С помощью BLAST (параметры см. п.1) было найдено 40 гомологов. Текстовая выдача по ссылке.
Для построения множественного выравнивания с капсидным белком p24 были выбраны следующие 5 последовательностей, имеющие наименьшие E-value и индентичность меньше 100% (т.е. за исключением полипротеинов Human T-lymphotropic virus 2, чтобы на выравнивании было на что смотреть):
P14076.3 Gag polyprotein; Human T-cell lymphotrophic virus type 1 (Caribbean isolate)
Q09T00.3 Gag polyprotein; Human T-cell leukemia virus 3 (strain Pyl43)
P03345.3 Gag polyprotein; Human T-cell lymphotrophic virus type 1 (strain ATK)
Q0R5R4.3 Gag polyprotein; HTLV-3 strain 2026ND
P14077.3 Gag polyprotein; Human T-cell lymphotrophic virus type 1 (isolate MT-2)
Множественное выравнивание было выполнено Jalview Muscle с настройками по умолчанию.
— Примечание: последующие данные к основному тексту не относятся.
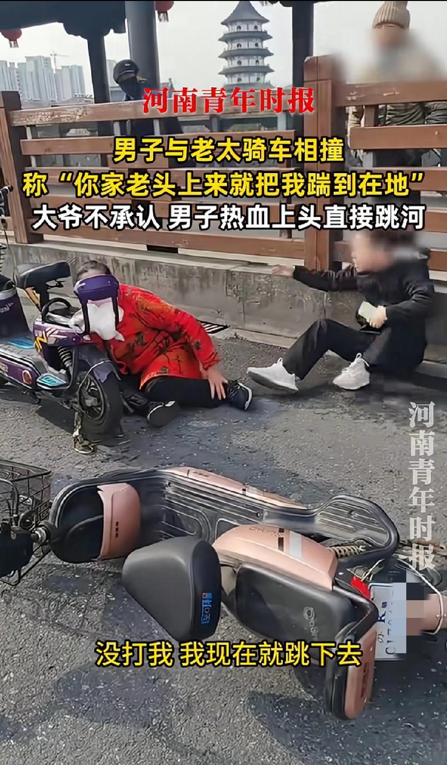 近日江苏扬州,一26岁男子骑车途中与一名老太太相撞,老太太家的老头赶到现场后,上来就踹了男子一脚,气得男子直接跳河了! 男子说老头上来就踹了他一脚,把他踹倒在地,还不承认!把监控调出来,没有打我,我现在就从桥上跳下去!说完,男子爬起身来就从桥上跳了下去,男子被气得热血上头,用跳河来证明自己了!

Поскольку белок выравнивается на целые полипептиды, необходимо отрезать концевые участки, не выровненные с целевой последовательностью.
Все шесть белков выравнивания гомологичны, поскольку имеют протяженные участки идентичных амк-т, а участки между ними по большей части состоят из схожих амк-т. Результаты подтверждают предположение о высокой степени гомологии капсидных белков Т -лимфотропных вирусов человека.
3.1 При запуске BLAST на поиск гомологов капсидного белка р24 среди вирусов (organism: Viruses (taxid:10239)) получено 29 результатов, то есть можно судить о том, что большинство гомологов данного белка принадлежат вирусным организмам, но не ограничиваются ими. Текстовая выдача программы по ссылке.
3.2 Для оценки доли вирусных белков в Swiss-Prot рассмотрим последовательность 1 (AC P14076.3). E-value изменился от 2*10-135 на 8*10-137. Теорема С. Карлина связывает длину исходной последовательности и размер базы данных (как суммарная длина всех последовательностей) через константы. Из этой теоремы следует, что доля вирусных белков в БД будет равна отношению E-value с ограничением/E-value по всем, то есть по данным для P14076.3 в Swiss-Prot доля вирусных белков составляет 2*10-135 / 8*10-137, то есть 0,04 или 4%.